Russian human rights activists call for reconsideration of law on NGOs
Moscow, 17 April: Several Russian and foreign human rights organizations has urged the European Union to demand that the Russian authorities take measures to improve the state of civil society in the country, including a review of the law on non-commercial organizations (NCOs).
The appeal, published today, notes that it was adopted in the run-up to a new round of EU-Russia human rights consultations, which will take place in Slovenia on 17 April.
The Moscow Helsinki Group, the International Partnership for Human Rights and Human Rights Sans Frontieres are urging the EU to "use this event as an opportunity to demand that the Russian authorities take concrete measures to improve the state of Russian civil society".

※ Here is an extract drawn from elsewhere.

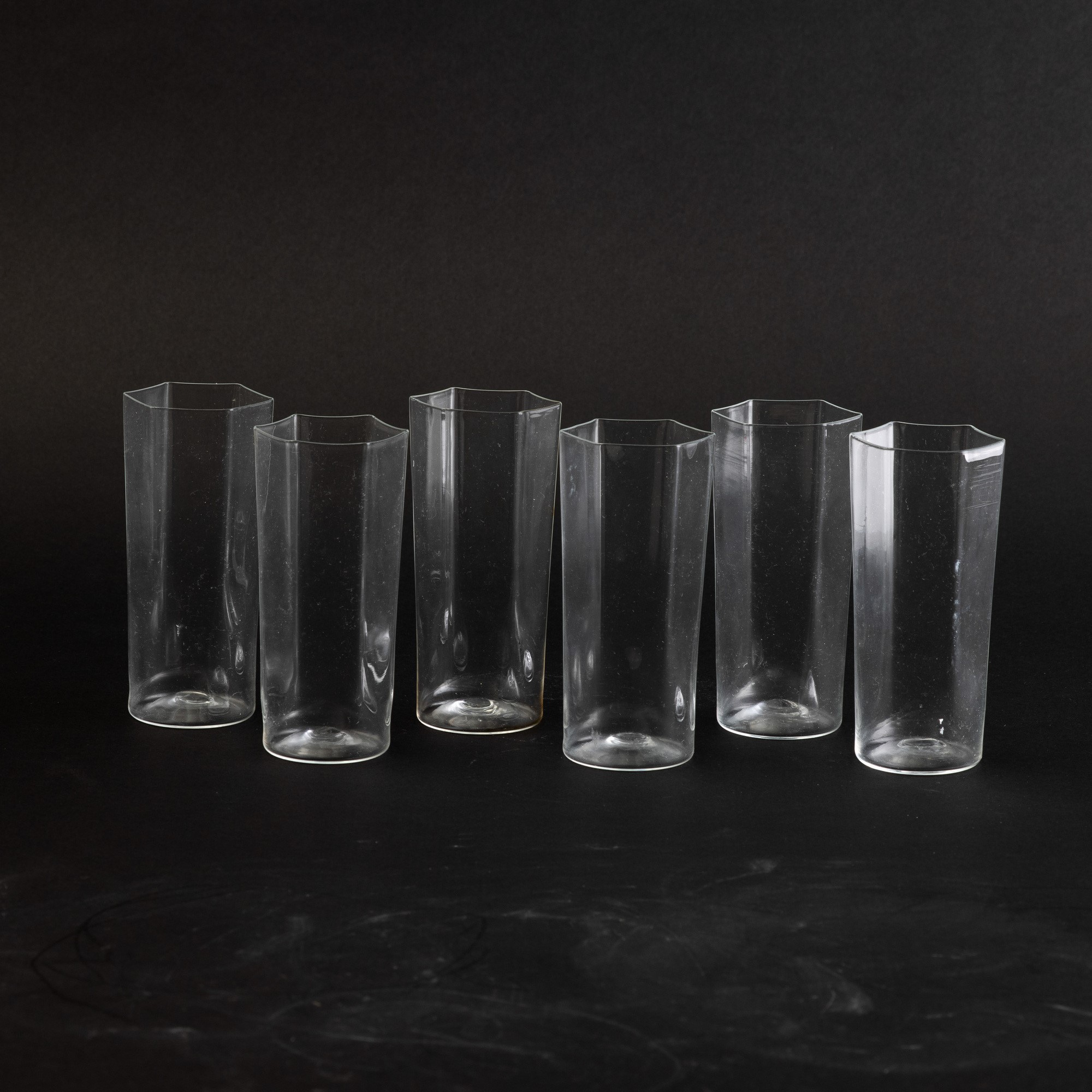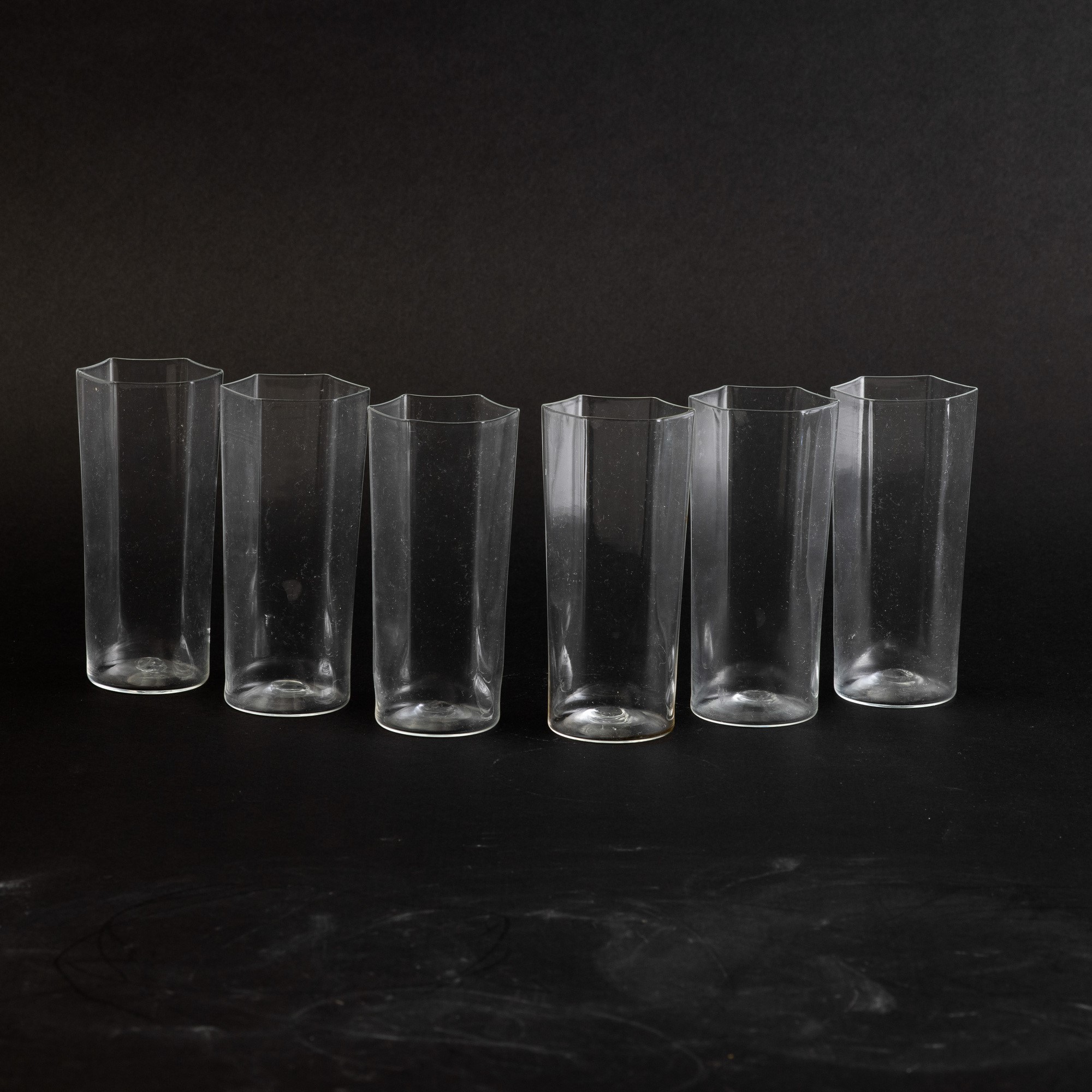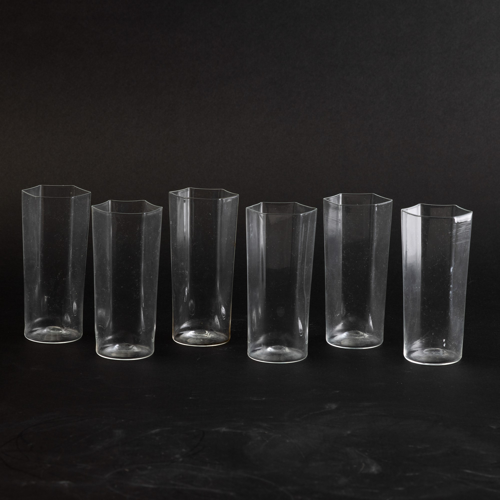 Six blown glass vases within a marmorised paper box

The human rights activists believe that "civil society in Russia has been subjected to an ever increasing pressure and independent groups have been impeded in their work in the name of protection of national security and prevention of foreign 'interference' into Russian politics".
"Such rhetoric was used to justify the passing of the so-called law on NCOs in 2006, which has introduced considerable changes in the existing legislation on non-governmental organizations".
"The law, which has been unclearly and ambiguously formulated, gives the authorities broad powers in monitoring and controlling NCOs, provides opportunities for an arbitrary and subjective interpretation, and has been used to hamper legal civil activities, restrict them and punish organizations for them," the document stresses.
"In view of these trends we demand that the EU use the forthcoming consultations as an opportunity not only to express concerns over problems faced by Russian civil society but also to insist that the Russian authorities take concrete measures to resolve the problems, for instance by initiating a review of the law on NCOs in the near future," reads the appeal.
The appeal's authors believe that it is necessary to limit grounds for registration refusal so that registration authorities would not be able to misinterpret these grounds, simplify demands on NCOs' paperwork, minimize the authorities' powers in monitoring NCOs' work and limit the authorities' powers to sanction NCOs.